Reopening Schools Was Just an Afterthought - The Atlantic

Reopening Bars Is Easy. Schools Are Difficult. - The Atlantic

Reopening Schools Was Just an Afterthought


If American society is going to take one major risk in the name of reopening, ideally it should be to send children back to school. This issue is personal for me. I have three kids, one in college and two in a local public high school. It’s now early July, and we still have no idea whether or how they will be returning to classes that, ordinarily, would resume just weeks from now. My children’s summer has been idle. They have no jobs and not much summer programming to keep them busy. I try to convince myself they aren’t missing out on much. Hey, I grew up in the ’80s, I think, and all we did during the summer was hang out at the beach. Most days, I make it to about 10 a.m. before I rouse them.
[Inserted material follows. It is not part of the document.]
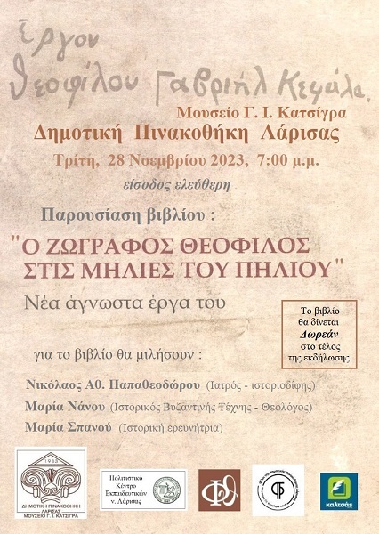 Παρουσιάζεται το βιβλίο : «Ο ζωγράφος Θεόφιλος στις Μηλιές του Πηλίου», του Νικολάου Αθ. Παπαθεοδώρου στο αμφιθέατρο της Δημοτικής Πινακοθήκης Λάρισας, την Τρίτη, 28 Νοεμβρίου 2023, στις 7:00 μ.μ. από το Πολιτιστικό Κέντρο Εκπαιδευτικών νομού Λάρισας – ΠΟΚΕΛ, την Ομάδα «Φωτοθήκη Λάρισας» του Ομίλου Φίλων Θεσσαλικής Ιστορίας, το Σύλλογο Φίλων Δημοτικής Πινακοθήκης Λάρισας και το βιβλιοπωλείο «Καλτσάς».

I’m lucky, at least in comparison with working parents who have younger kids, because my teenagers are mostly coping and don’t need me—or want me—to keep them occupied. Our stresses as a family are merely those of inconvenience, and we still find our current situation unsustainable. Parents who have no control over their own work schedule are far worse off, as are younger children for whom an indefinite absence from the classroom holds many dangers—the mental-health and emotional risks of long-term isolation, the greater likelihood of abuse and neglect going undetected, the internet-access disparities that turn some of the most vulnerable students into virtual dropouts.
In the past week or so, more and more Americans have suddenly remembered that fall comes after summer. Recent headlines have heaped scorn upon the values of a society that seemingly prioritized inessential businesses over schools. “We Have to Focus on Opening Schools, Not Bars,” The New York Times declared. “Close the Bars. Reopen the Schools,” piece in Vox implored. The hashtag #schoolsbeforebars is trending.
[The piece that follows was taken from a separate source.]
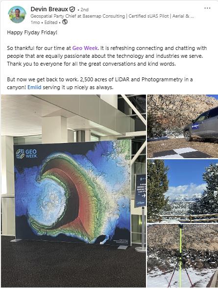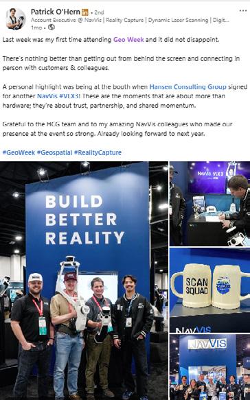 Geo Week absolutely impressed me this year. As a first-time attendee, the scale, energy, and professionalism were on another level. It was easily the largest and most engaging industry event I've been part of... I found the amount of quality, in-person time with partners and customers to be invaluable. The whole experience was energizing and forward-thinking. Already looking ahead to Salt Lake City!

Reopening indoor bars—closed spaces where wearing masks and maintaining social distancing are difficult—was clearly a mistake. Yet approximately zero public officials believe that letting adults drink is more important than educating kids, and any implication that reopening bars and reopening schools are roughly equivalent tasks badly understates the enormous barriers to the latter. From the government’s perspective, the only thing bars need is permission to reopen. Once they get it, owners and employees can go back to work, and the money starts flowing.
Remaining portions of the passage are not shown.